Wirelessly Powered Communications: From Signal Optimization to Antenna Design
Time: Wed 2022-06-15 13.30
Location: Kollegiesalen, Brinellvägen 8, Stockholm
Video link: ink for online defense
Subject area: Electrical Engineering
Doctoral student: Boules Atef Mouris , Teknisk informationsvetenskap
Opponent: Professor Aggelos Bletsas, Technical University of Crete
Supervisor: Associate Professor Ragnar Thobaben, Teknisk informationsvetenskap
Future internet-of-things (IoT) and beyond 5G communication systems are envisioned to offer large-scale wireless connectivity where the different components of life, society and industry are connected in a smart yet sustainable way. The need for continuous battery charging and/or replacement is a bottleneck for sustainability in these systems. As the number of battery-powered wireless devices grows, it is associated with an increase in both the maintenance costs and the impact on the environment. Wireless power transfer (WPT) is a promising solution to enable self-sustainable operation and limit battery usage in the enormous amount of devices that the future wireless systems will bring.
WPT co-exists by nature with other well-established communication systems. However, WPT signals are usually transmitted at a higher power level than information signals to overcome propagation losses and provide sufficient power to the receiver. Therefore, when designing a WPT system, it is essential to consider and minimize its impact on the co-existing and co-located communication systems. Moreover, in order to enable wirelessly powered communication (WPC) nodes, efficient WPT is not enough on its own but it is also important to minimize the power consumption of the node and optimize its energy usage. This thesis investigates the above described issues from both a theoretical and an implementation perspectives. It is divided into two parts; the first part focuses on signals and system level optimization with the goal of achieving wirelessly powered sensing nodes, the second part concerns enabling simultaneous wireless information and power transfer (SWIPT) by exploring novel designs of antennas and microwave components.

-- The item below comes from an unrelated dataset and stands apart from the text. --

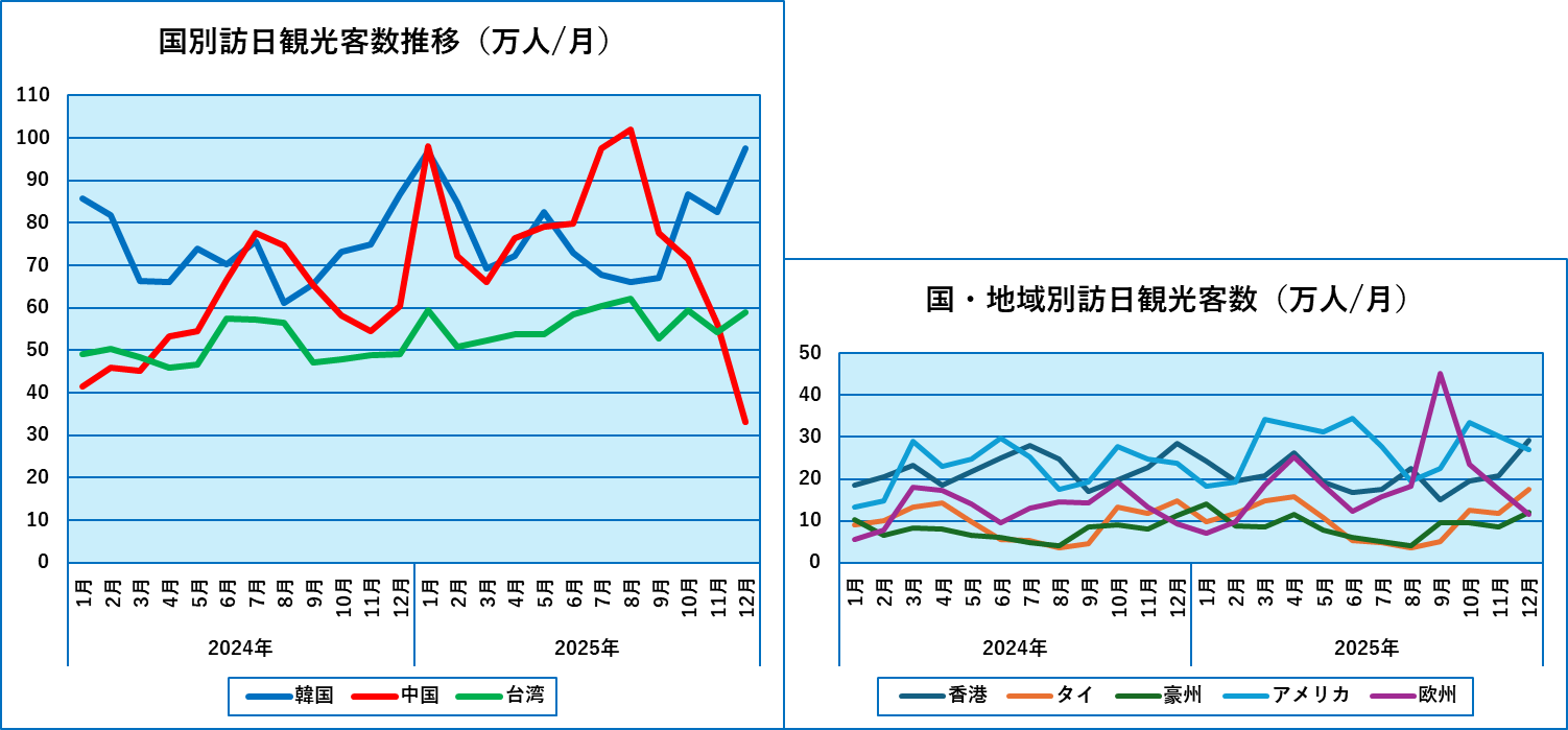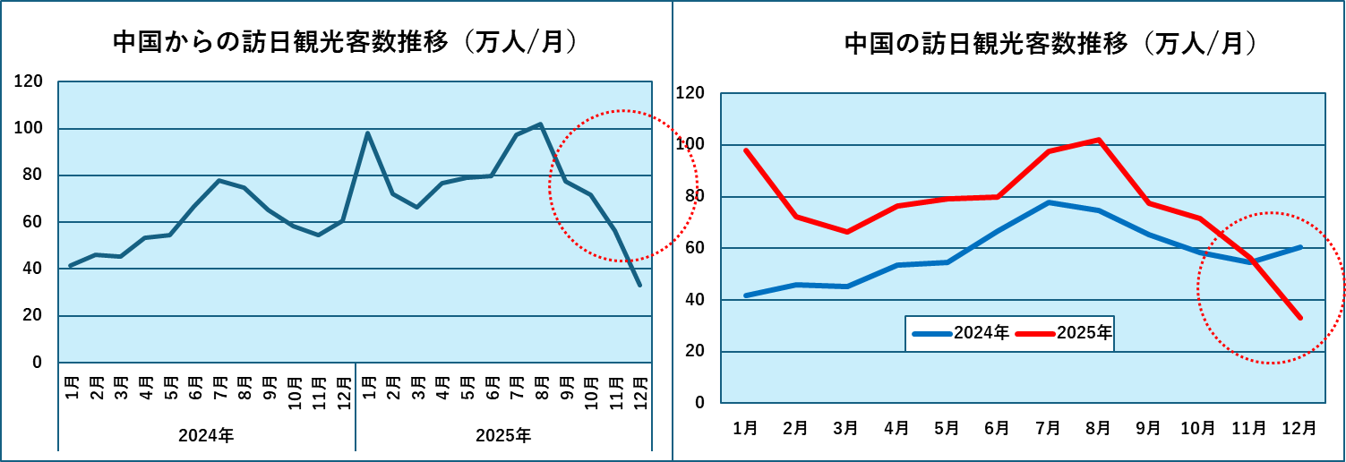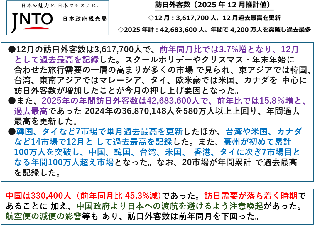 ただし、中国からの訪日客だけを見るとさすがに2025年8月以降減少が続いており、11月以降はさらに減少に拍車がかかったように見えます。2025年単月での来訪者が最多であった8月から見れば12月は3割ほどに減少したことんになります。団体客の訪日は早くても3月まではないと言われていますで、さらに減少する可能性もあります。

In the first part of the thesis, we first study the optimization of multi-tone signals to maximize the efficiency of WPT. We discuss and consider different practical non-linear energy harvester models in the problem formulation. Taking into account the in-band co-existing communication links, we provide the optimal weights for the multi-tone signals that maximizes the efficiency of WPT while minimizing the interference. The performance gains obtained using our optimization methods are highlighted through comparisons with other solutions existing in the literature. Furthermore, we present a low-complexity algorithm for designing the multi-tone signal in order to enable practical implementation. Secondly, we study the use of analog joint source-channel coding (AJSCC) in low-power sensing schemes. We propose a novel low-complexity dimension reduction mapping that is used to compress multiple sensor readings into one signal, and thus, limits the power consumption at the sensing node. We provide a comprehensive analysis of the distortion performance of our proposed mapping. We also show that energy scheduling can be utilized to improve the distortion performance of the compression mapping. Moreover, we discuss the practical circuit implementation of our proposed mapping and explain that it provides a very good distortion performance compared to the other AJSCC benchmarks despite having a much lower complexity circuit implementation. The findings of the first part of the thesis are valuable within the context of efficient and practical usage of WPT to energize a low-power IoT sensing node.
Motivated by the need for high isolation between co-located SWIPT antennas, the second part of the thesis first presents a SWIPT antenna design utilizing differential feeding in addition to an electromagnetic bandgap (EBG) structure to minimize mutual coupling between the antennas dedicated for power transmission and information exchange. Second, it investigates exploiting glide symmetry in designing EBG structures and microwave filters. We demonstrate that glide symmetry can increase the operational bandwidth of mushroom-type EBG structures without any additional manufacturing costs. A detailed equivalent circuit model is derived in order to explain this bandwidth increment. Full-wave simulations as well as experimental results are presented to verify the benefits of the glide-symmetric versions compared to the conventional structures without glide symmetry. As an alternative to the use of mushroom-type EBGs, a detailed study on the application of glide symmetry to defected ground structures (DGSs) is also conducted. We show that glide-symmetric DGSs can provide a higher rejection level as well as a higher rejection bandwidth compared to their conventional versions without symmetry. The improvement in the rejection level and bandwidth of both mushroom-type EBGs and DGSs is also explained to be useful in common-mode rejection filters. Finally, we show that fully planar EBG structures can utilize glide symmetry for size reduction and providing an increased level of isolation between microstrip patch antennas. The results of the second part of the thesis enable a new class of hardware designs that are useful for the practical realization of SWIPT systems.